Познакомившийся с Борисом Слуцким уже после XX съезда В. Кардин рисует подобный же портрет: «Первое впечатление от него не вязалось с образом поэта. Рыжеусый, коренастый, мрачноватый, он походил на ответработника районного звена откуда-нибудь с родной своей Харьковщины. Вот-вот начнет отдавать команды. Но дальше такой предкомандной стадии не шло. Напротив, в разговоре мягчел, умел сосредоточенно выслушивать, не спеша соглашаться или оспаривать. Не знаю, как другие, но я не сразу почувствовал притягательность Слуцкого, не сразу понял, почему к нему так тянутся люди, почему дорожат его советом. И только постепенно попадал под обаяние этого человека с живым и сильным умом, очень начитанного, напряженно думающего, но менее всего склонного поражать собеседника, выглядеть оригиналом, глушить эрудицией»[132].
Главное, что подмечали и замечали люди, встречавшиеся с послевоенным Слуцким, — это абсолютное несовпадение его облика, поведения, разговора с традиционным обликом и поведением поэта. «Ничего вдохновенно-поэтического» (Виктор Малкин), «первое впечатление от него не вязалось с образом поэта» (Владимир Кардин). Борис Слуцкий сознательно строил такой свой образ, создавал такой имидж. Он даже написал стихотворение о том, что настоящие большие поэты не похожи на поэта в традиционном представлении: на такого поэта похож Семен Надсон, но никак не Блок или Некрасов.

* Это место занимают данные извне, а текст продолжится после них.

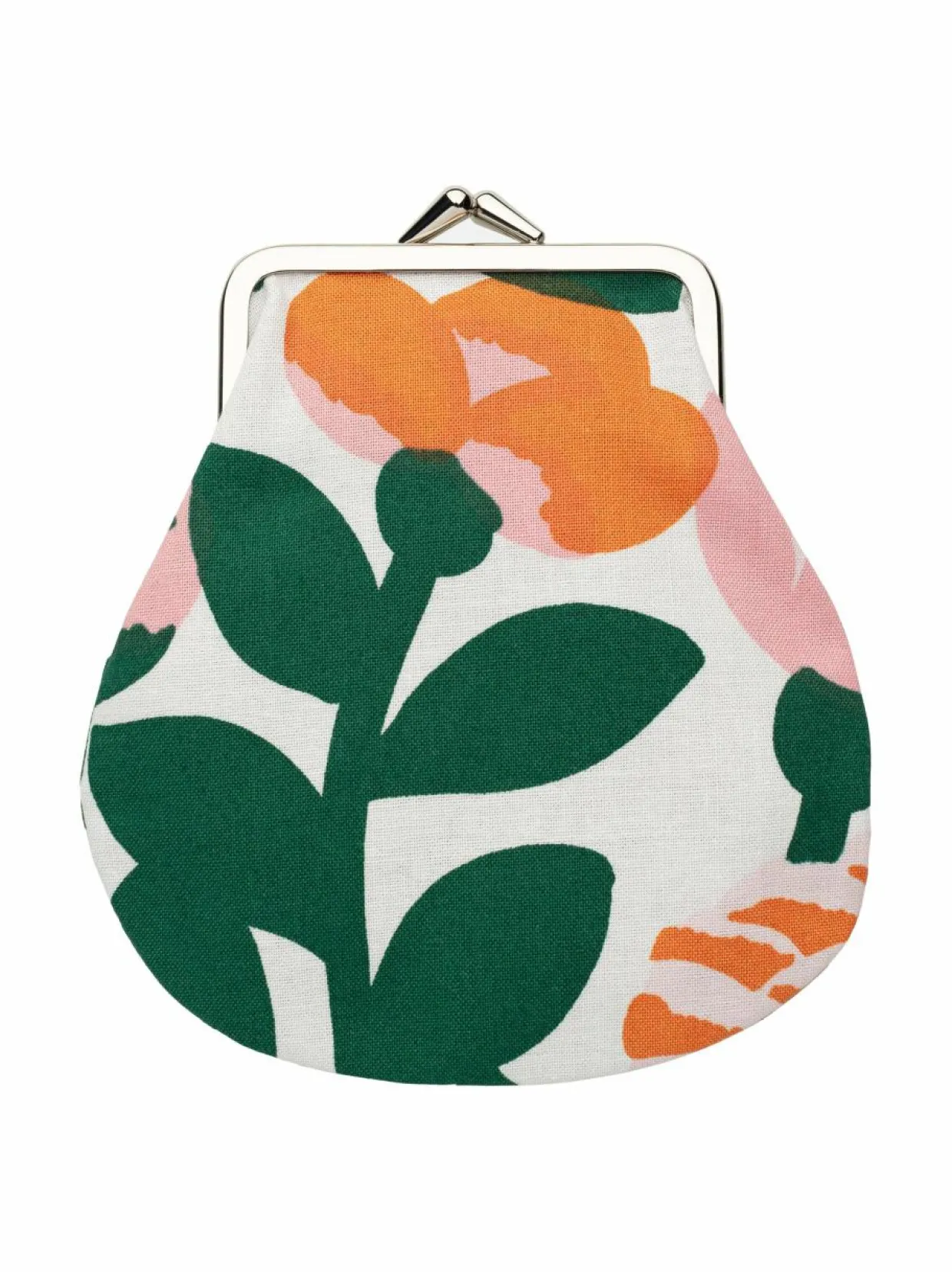 Marimekon Pieni Green Green -kukkaro on valmistettu puuvillasta ja siinä on metallinen kehys, joka on helppo napsauttaa auki ja kiinni. Kukkarossa on Pieni Green Green -kuosi. Materiaali on painettu Helsingissä. Kukkaro on monikäyttöinen ja siinä voi säilyttää esimerkiksi kortteja ja paljon muuta. Mitat ovat 13 x 12 cm.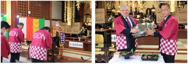 イオン琉球(株)(沖縄県南風原町、鯉渕豊太郎社長)は1月20日(金)、那覇市若狭の護国寺で、節分に販売する恵方巻に使用する焼き海苔、約8万8000枚に厄除祈願をした。この海苔を使用した恵方巻は沖縄県内のイオン、マックスバリュ、ザ・ビッグ全48店舗で販売される。

Как и в первый свой приезд, Борис нередко назначал встречи с друзьями-поэтами в Проезде МХАТ. У него сложились хорошие отношения с Рафесами и всеми соседями квартиры. Все ценили его юмор и прощали то, что другим, может быть, и не сошло бы с рук. Он, например, имел обыкновение передавать привет часто бывавшему в доме другу детских лет хозяйских дочерей Карлуше и любимому квартирному коту Кузе, как сказали бы сейчас, «в одном флаконе». Звучало это так: «Привет Кузьке и Карлушке!» Ему прощали. Не обижался даже Карлушка.
Месяц, который Борис прожил в Проезде, был временем очень интенсивных встреч поэтов в квартире Рафесов. Небольшая комнатушка при кухне снова стала своеобразным штабом молодой поэзии.
Всегда, когда я бывал наездами в Москве, Борис брал меня с собой на малодоступные для многих москвичей вечера, вернисажи, просмотры. Многие из них остались в памяти просто как непременные атрибуты моих московских командировок; некоторые глубоко врезались в память, скорее всего потому, что обнаруживали или подтверждали какие-то черты характера самого Бориса.
Особенно запомнились дни осени 1956 года, когда в Москве отмечали семидесятилетие Пикассо. Выставка картин великого художника XX века даже для Москвы, переживавшей первые месяцы хрущевской весны, была событием незаурядным.
На ступенях Пушкинского музея Борис получил два билета на открытие выставки от Эренбурга, и мы вместе с Ильей Григорьевичем вошли. Открытию просмотра предшествовала краткая официальная часть на верхней площадке парадной лестницы. Мы с Борисом оказались рядом с импровизированной трибуной. За нами до самого входа и далеко на улице плотно стояли люди, ожидавшие осмотра. Но вот убрали трибуну, разрезали ленточку и людей запустили внутрь.
Вначале все шло, как и полагается в подобных случаях, была возможность задерживаться у той или иной картины. Но вскоре зал стал заполняться все больше и больше, нас с Борисом стали теснить; мы в темпе прошли несколько залов, не имея возможности даже мельком взглянуть на картины. Толпа все прибывала. Наконец мы оказались в последнем зале левого крыла музея, прижатыми к глухой стене и к висевшим на ней картинам. Дышать становилось все труднее. Мне вспомнилась в этот момент тесная рубка бронепоезда — такая же духота, такая же стесненность движений и прижатость к броне. Потом пронзило уже литературное воспоминание о Ходынке, и я почувствовал, как холодеют конечности. Все это продолжалось какой-то миг.